Shirley Sosa

Personal information
- Full name: Shirley Sosa
- Date of birth: January 8, 2001 (age 24)
- Place of birth: Argentina

Team information
- Current team: Talleres (Córdoba)

Youth career
- 2011–2015: Talleres

Senior career*
- Years: Team / Apps / (Gls)
- 2015–2019: Talleres
- 2019–202?: Camioneros
- 2024–: Talleres (Córdoba)

International career
- Argentina U-17

= Shirley Sosa =

Argentine footballer and referee

Shirley Belén Sosa (born 8 January 2001) is an Argentine footballer and referee. She has played for Talleres de Córdoba and Camioneros, and has represented Argentina at the under-17 level.

== Career ==
Sosa joined the women's team of Talleres de Córdoba in 2015, having already trained at one of the club’s youth academies since 2011. She made her senior debut at the age of 14, and her strong performances earned her a call-up to the Argentina U-17 national team, where she played alongside older teammates.

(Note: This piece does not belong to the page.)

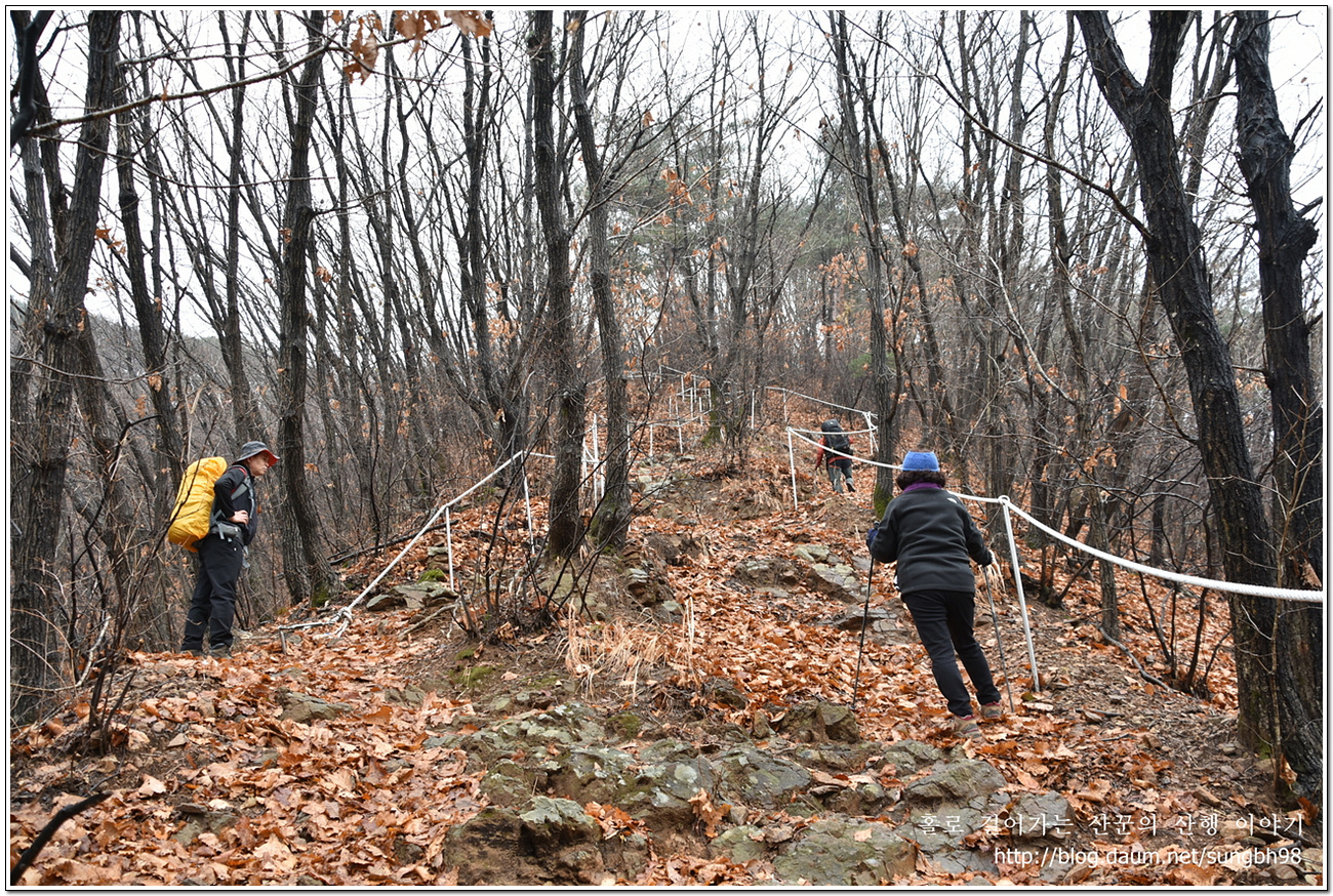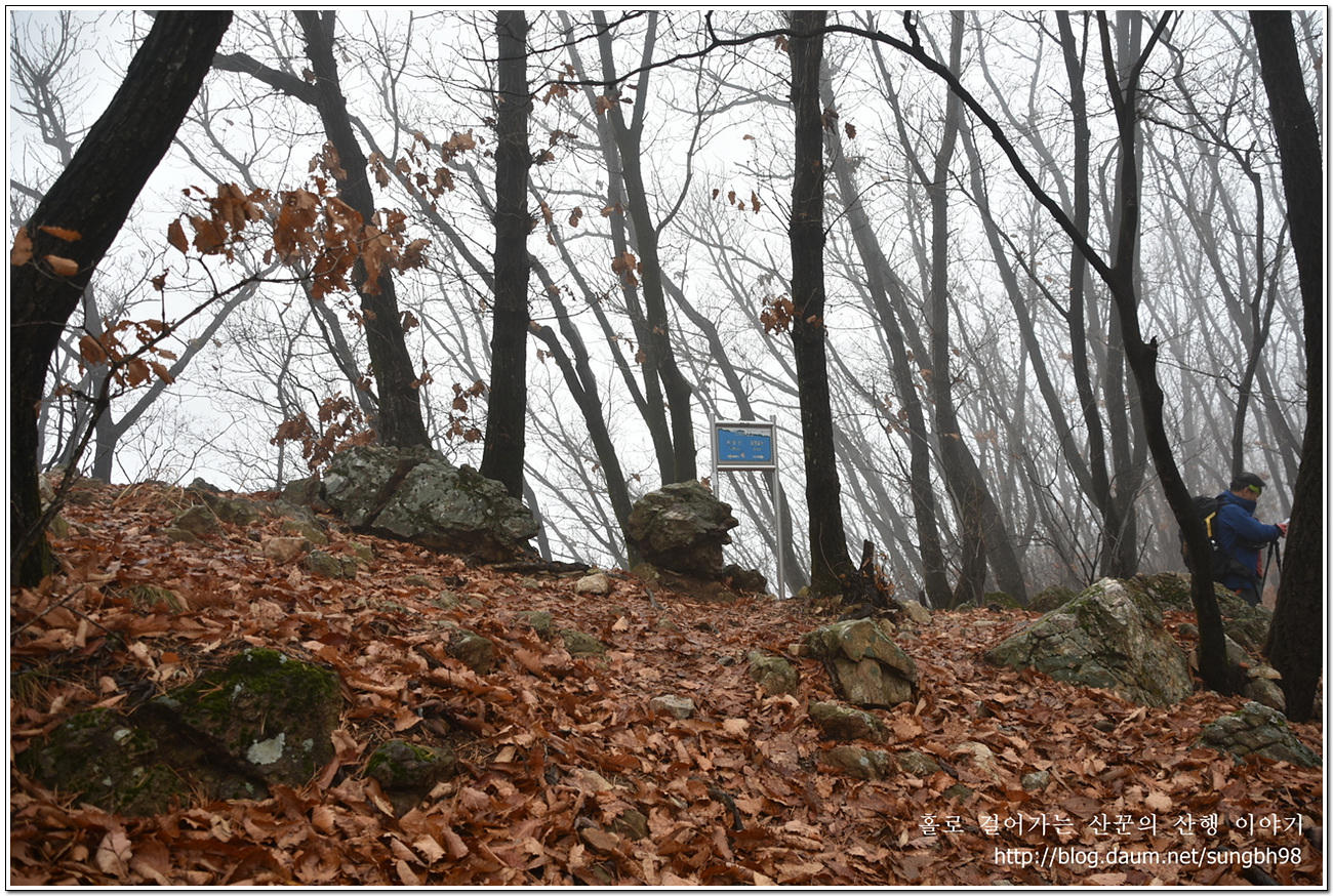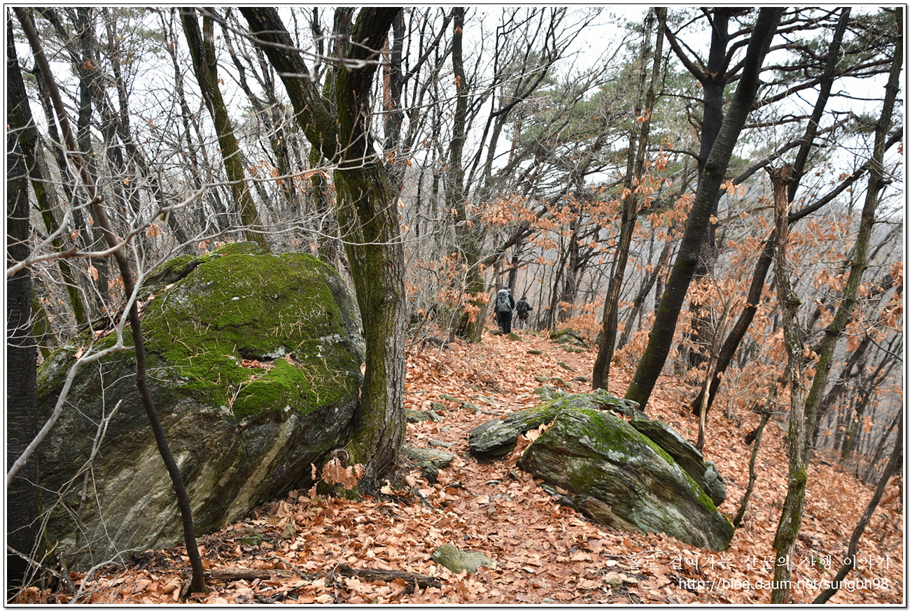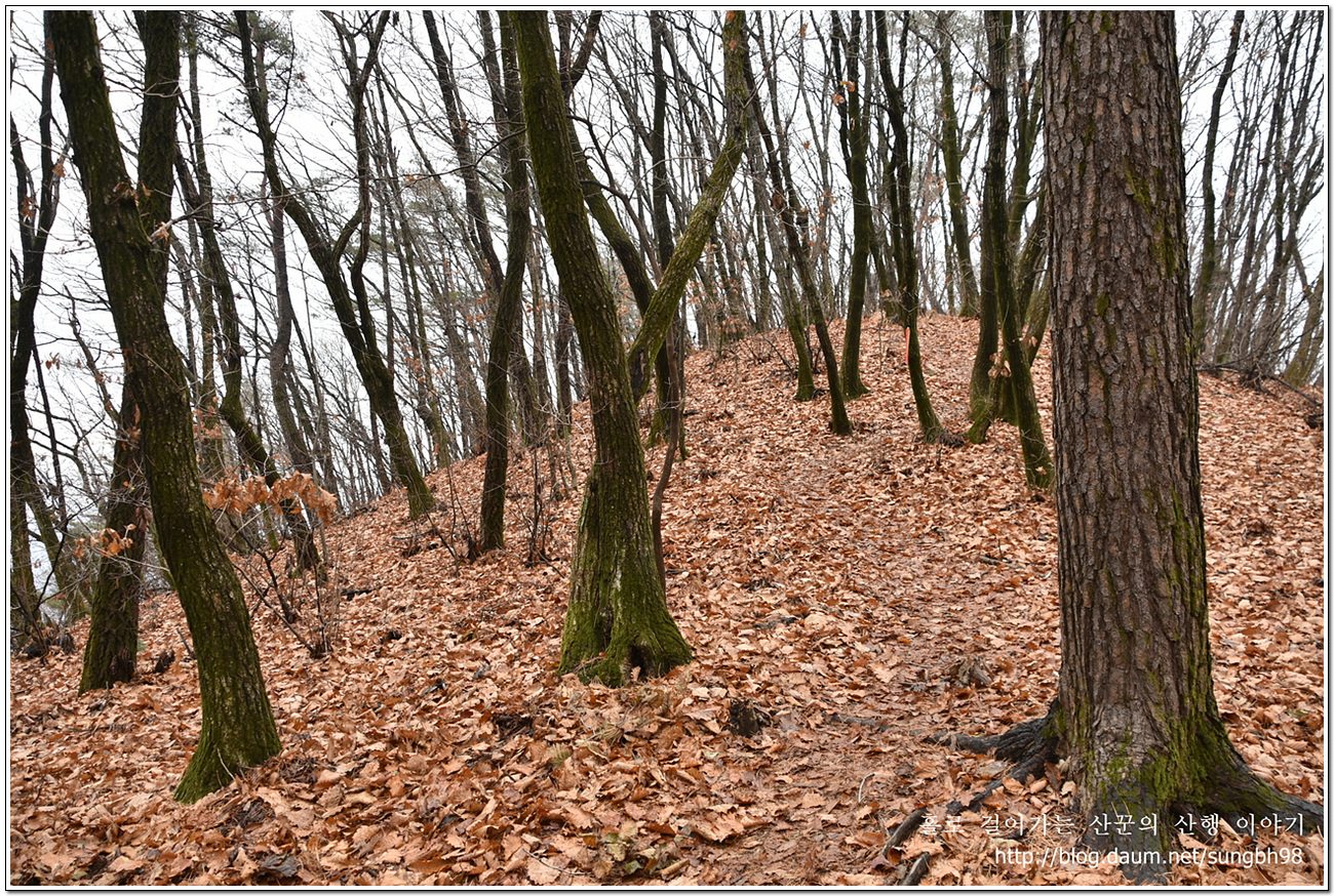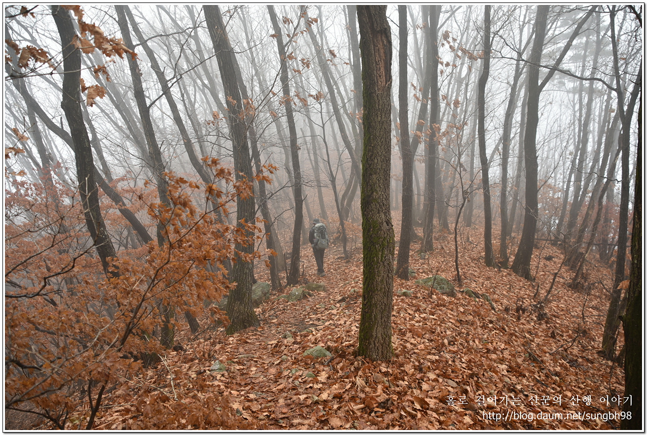 ▼ 낙엽만 수북한 한북연인지맥 마루금의 능선을 따라 걸어간다

She was a key part of the Talleres de Córdoba squad that competed in the Liga Cordobesa de Fútbol, helping the team win the Torneo Liguilla and achieve runner-up position in the Final Anual of 2015.

In 2019, Sosa joined Camioneros. After a few seasons with the club, she retired from playing and became a referee, officiating matches in the Liga Cordobesa de Fútbol.

In 2024, she returned to competitive football and rejoined Talleres de Córdoba.